Keywords: membrane transport, amino acid transport, amino acid metabolism, stress response, salicylic acid
Introduction
Plants absorb nitrogen (N) mostly in its two major inorganic forms, ammonium and nitrate ions. These ions are eventually assimilated into glutamine, then the N is transferred through transamination reactions to all other organic N molecules including other amino acids. In addition to the critical role as the central metabolites, amino acids serve as the N carrier between different organelles, tissues and organs.

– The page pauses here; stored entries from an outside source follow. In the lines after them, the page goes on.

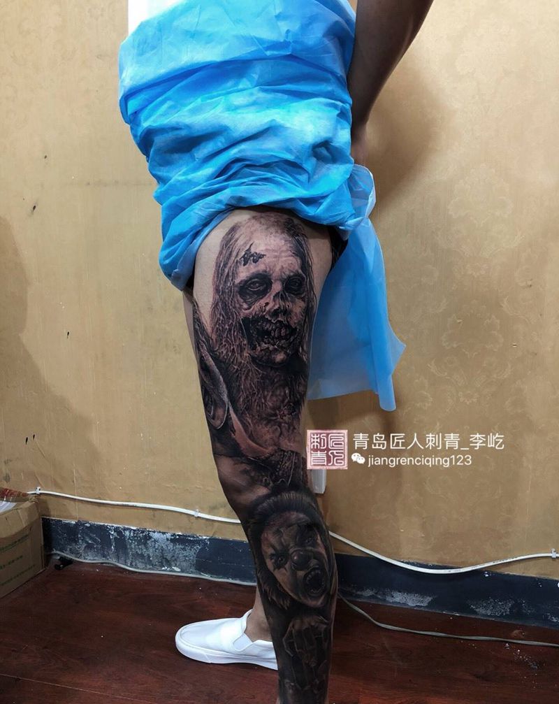 当前位置: 首页 >山东省青岛市纹身店-匠人刺青纹身图案>花腿欧美花腿纹身图片_成品手臂写实人物原创纹身图案
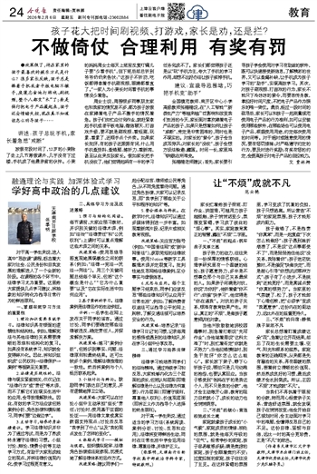 张楠楠老师建议:首先,家长要引导孩子学会使用对学习有助益的软件,既可以快速接受新信息,了解精彩的世界,又可以查漏补缺,让手机成为孩子学习的“助手”,实现高效学习。其次,对孩子刷视频、打游戏的行为,家长不能只下冷冰冰的禁令,而要言传身教,掌控好时间尺度,不把电子产品作为娱乐的唯一倚仗。最后,经过一段时间的疏导后,家长可以和孩子一起商量规范使用电子产品的行为准则,如可以安装使用哪些软件,在哪些场合可以使用电子产品,根据使用用途,约定每次使用的时间等。对于超时或随意使用的情况,要有惩罚措施;对严格遵守约定的行为,要及时进行奖励;有奖有惩的约定,会提高孩子对电子产品的自控能力。
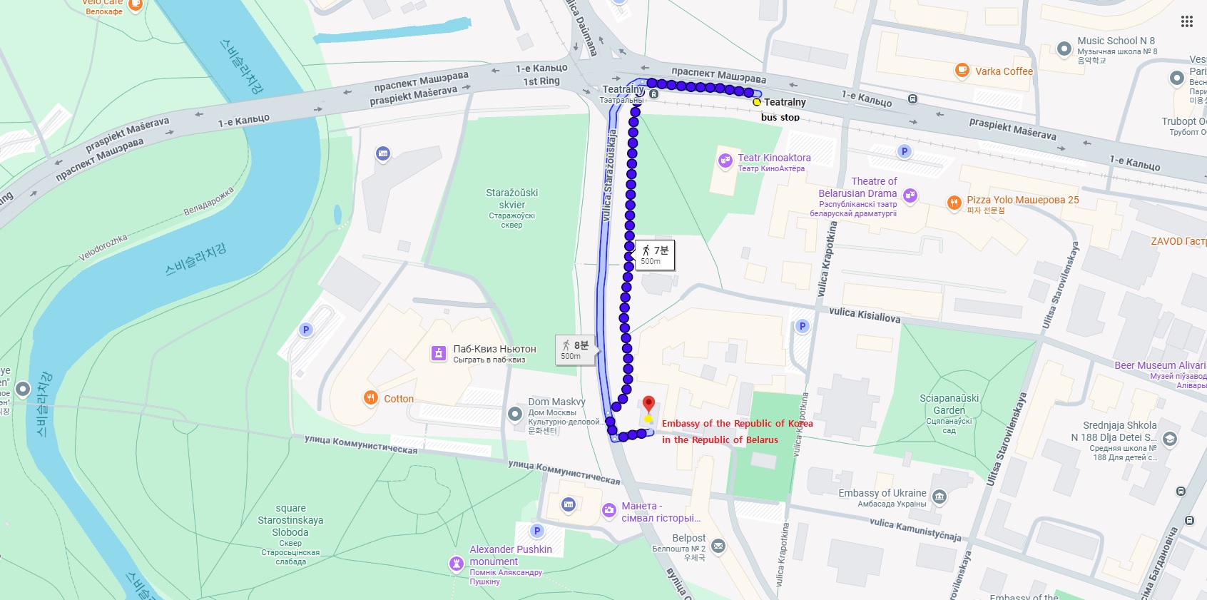 - 긴급전화 : +375-29-369-1320 (야간 및 공휴일 당직전화)
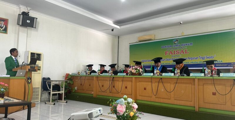 Bersama penguji lainnya antara lain Prof. Dr. H. Sufirman Rahman, SH, MΗ, di mana selain sebagai penguji beliau juga Rektor UMI Makassar. Sidang promosi doktor hukum dipimpin Prof. Dr. Mursalim Laekkeng, ASEAN CPА yang merupakan Direktur Pasca FH UMI.
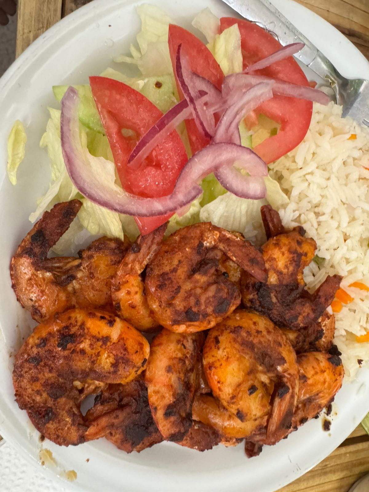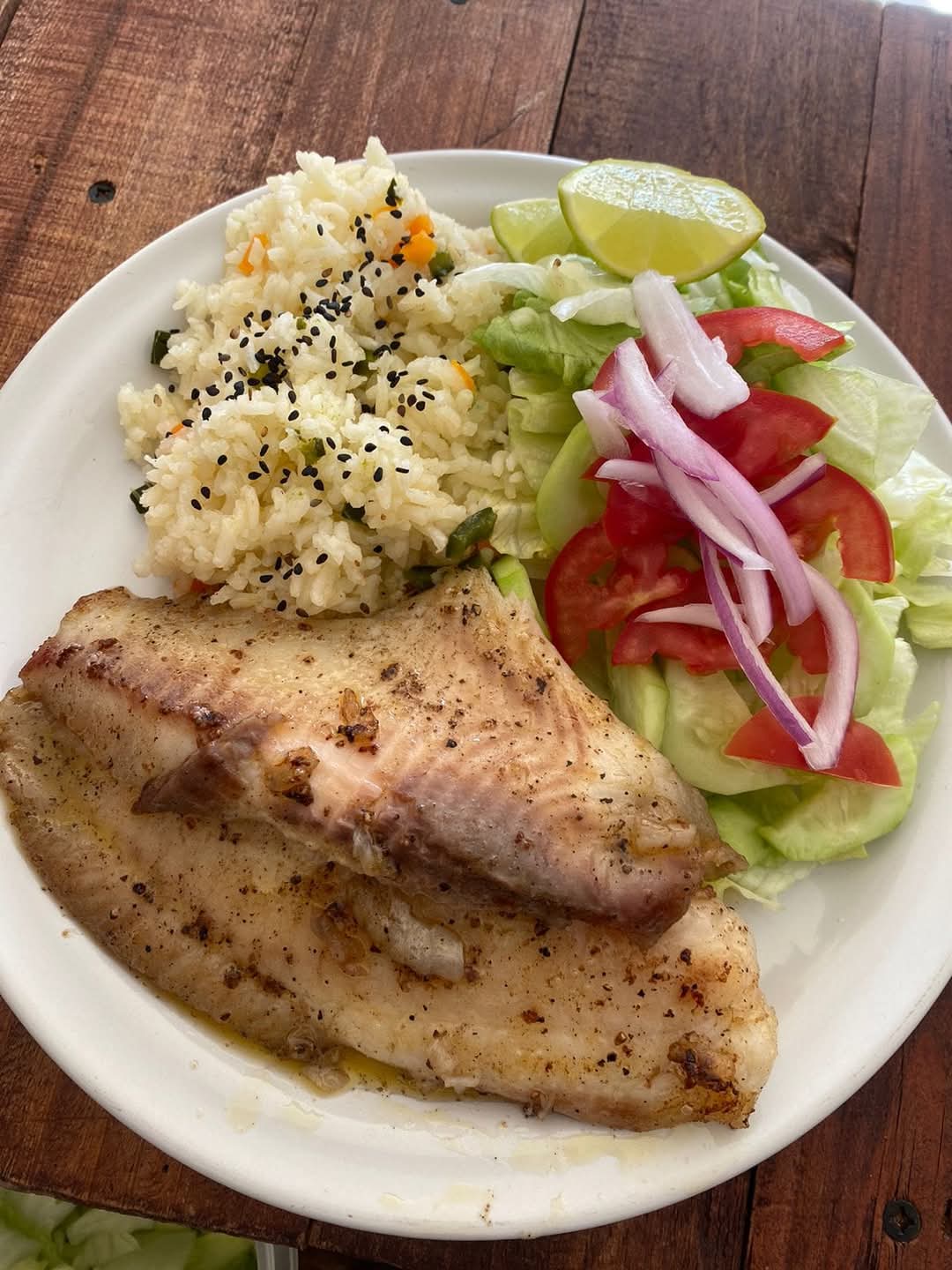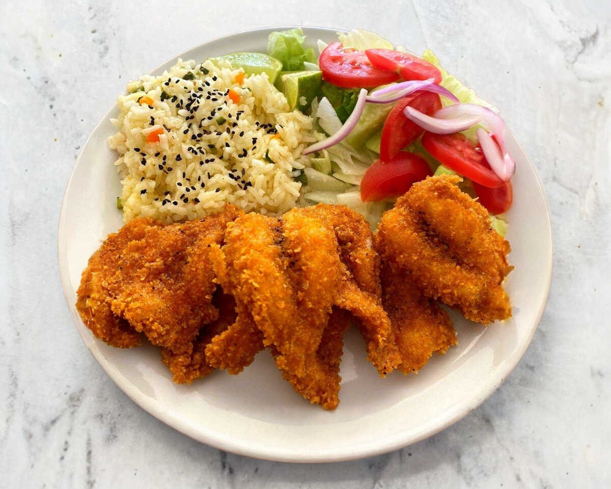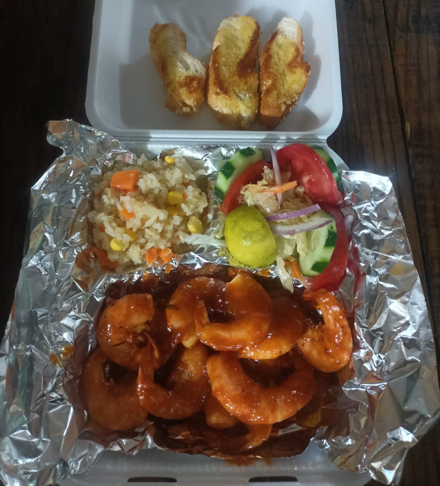 Con guarnición de arroz, ensalada y dos rebanadas de pan con mantequilla y ajo.

Distribution of assimilated N from the source (typically photosynthetic leaves) to sink tissues is mainly achieved through translocation of amino acids. To meet such needs, plant genomes encode numerous amino acid transporters (∼100 identified members of transporter families in Arabidopsis, Tegeder and Hammes, 2018), which function in transporting amino acids across the plasma membrane, as well as across organelle membranes.
Given the central role of amino acids in cellular metabolism and N balance between organs, it is not surprising that multiple mechanisms seem to exist to monitor the levels of amino acids. For example, TARGET OF RAPAMYCIN Complexes (TORCs) are cytosolic kinases that are activated by branched chain amino acids and are conserved among fungi, metazoans and plants (Nakajo et al., 2004; Fumarola et al., 2005; Kingsbury et al., 2015; Shimobayashi and Hall, 2016; Cao et al., 2019; Schaufelberger et al., 2019). Another cytosolic kinase, GENERAL CONTROL NON-REPRESSIBLE 2 (GCN2), is important for sensing N deficiency and is also conserved in fungi, metazoans, and plants. GCN2 does not sense amino acids per se, however it is activated when bound to de-acetylated tRNAs, which are more abundant when the cell is deprived of amino acids. Activated GCN2 represses protein synthesis by deactivating EUKARYOTIC ELONGATION INITIATION FACTOR 2α (eIF2α) through phosphorylation (Chantranupong et al., 2015). Therefore, TORC and GCN2 monitor the cytosolic amino acid sufficiency and deficiency, respectively. Additionally, GLUTAMATE RECEPTOR-LIKE (GLR) proteins, which structurally resemble the neuronal glutamate receptors from metazoans, seem to be involved in the perception of extracellular amino acids (Qi et al., 2006; Stephens et al., 2008; Vincill et al., 2012; Tapken et al., 2013; Kong et al., 2016; Goto et al., 2020). In addition to the proteogenic amino acids sensed by the above pathways, specialized non-proteogenic amino acids, such as β-aminobutyric acid (Luna et al., 2014) and pipecolic acid (PIP) and its derivative N-hydroxypipecolic acid (NHP) (Huang et al., 2020), function as defense signaling molecules, both of which activate the SA-dependent defense pathway.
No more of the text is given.